WORK INSTRUCTIONS:
Could you retype exactly the lines below between the one holding "The Birthday Boy" and the one holding "Bavlněné letní tílko", inclusive, leaving out any pictures?

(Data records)
((
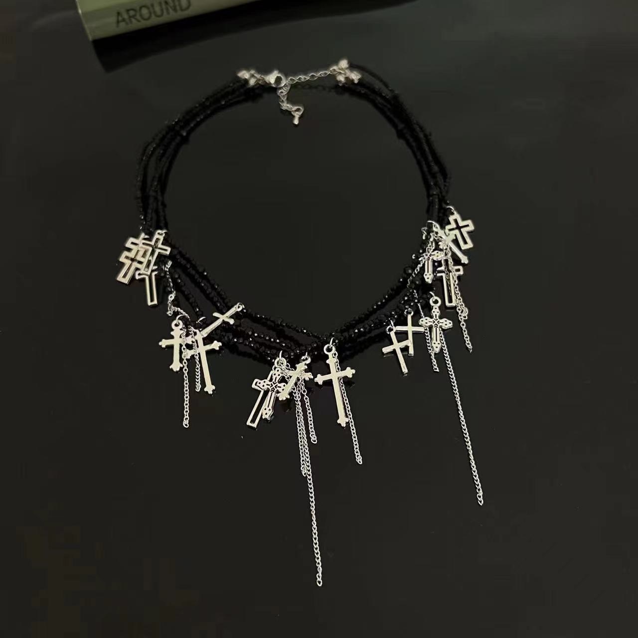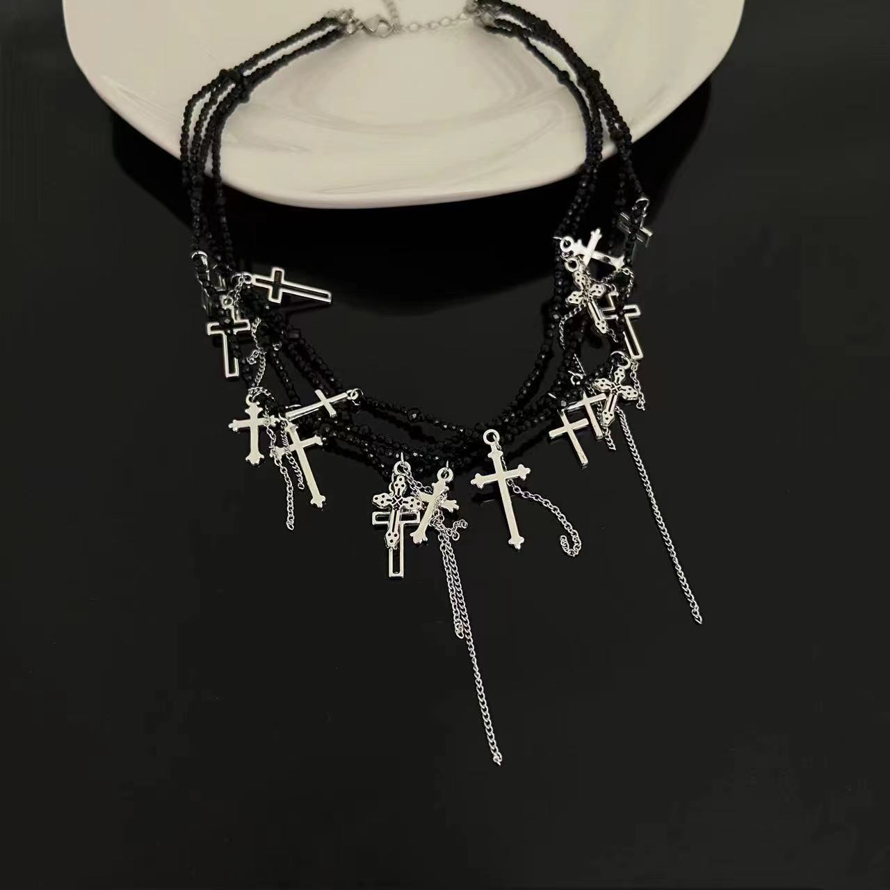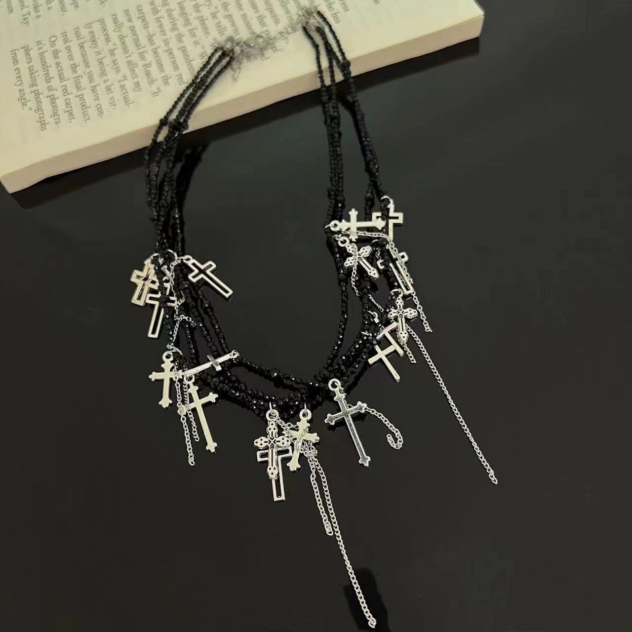 European and American Dark Cross Tassel Multi-layer Beaded Necklace Bracelet Niche Elegant Sexy Light Luxury High-end Jewelry for Women
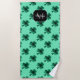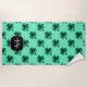 Personalice la toalla de playa única y brillante con su nombre y nombre inicial. Hermoso regalo turquesa del día de San Patricio: trébol con brillantes verdes inteligentes purpurinas. ¡Foto de chispas, no purpurina real!
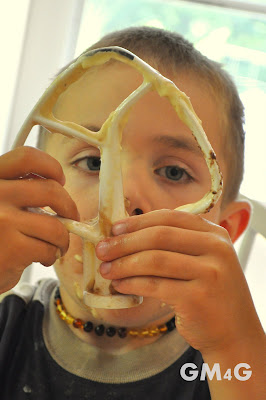 The Birthday Boy and Mr. Me-Too worked on decorating party favor bags while Hottie Hubby worked in the yard and I baked a cake.
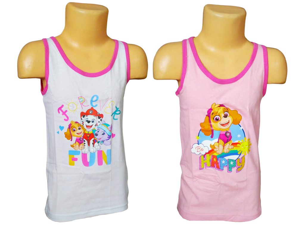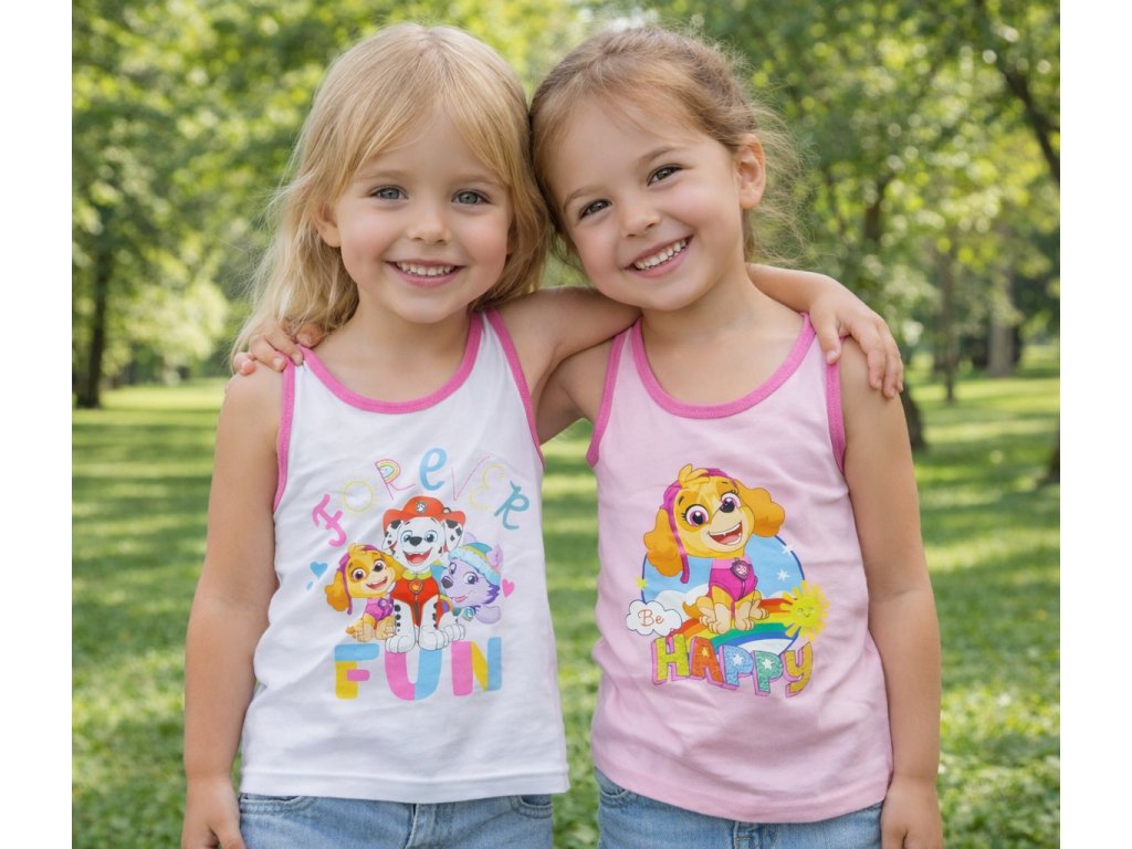 Bavlněné letní tílko Paw Patrol v praktickém balení 2 kusů. Jedno bílé a jedno růžové, každé s jiným motivem oblíbených hrdinů Skye, Everest a Marshall. Veselé barvy rozzáří každý letní den.
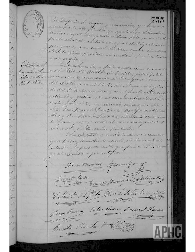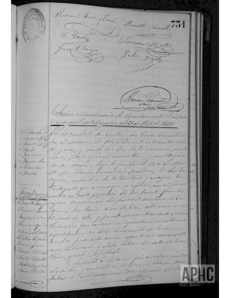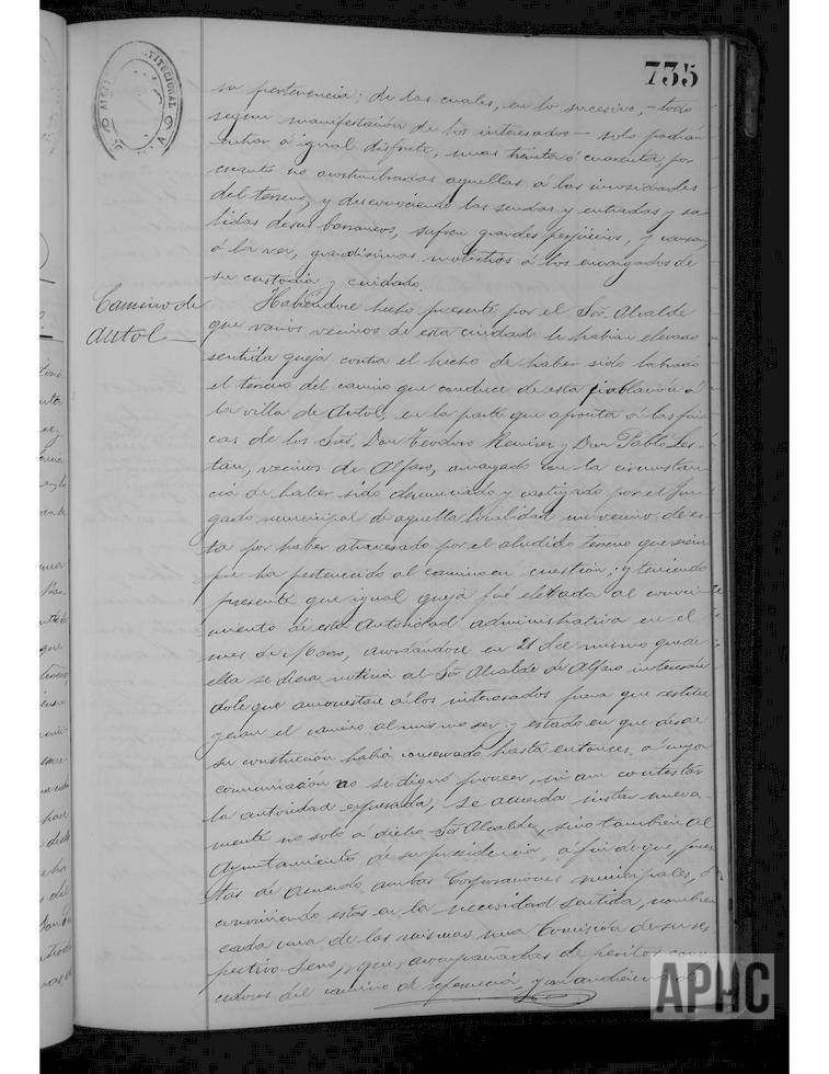 Reunidos Ayuntamiento, Veintena y Mayores Contribuyentes, en sesión extraordinaria, se trata informe sobre variación de proyecto del ferrocarril de Castejón a los Baños de Fitero, pasando por término de Alfaro. En sesión ordinaria, sólo de Ayuntamiento, se trataron los siguientes asuntos: Reclamación al Ayuntamiento de Alfaro, por haber labrado dos vecinos de esa localidad el camino de Autol. Abono cuenta a Pantaleón Gil, por trabajos de carpintería. Se modifica la hora de las sesiones ordinarias, pasando de las 6 de la tarde a las 10 de la mañana, las sesiones de los sábados, y que así se publique.
))
ANSWER SECTION:
 The Birthday Boy and Mr. Me-Too worked on decorating party favor bags while Hottie Hubby worked in the yard and I baked a cake.
 Bavlněné letní tílko Paw Patrol v praktickém balení 2 kusů. Jedno bílé a jedno růžové, každé s jiným motivem oblíbených hrdinů Skye, Everest a Marshall. Veselé barvy rozzáří každý letní den.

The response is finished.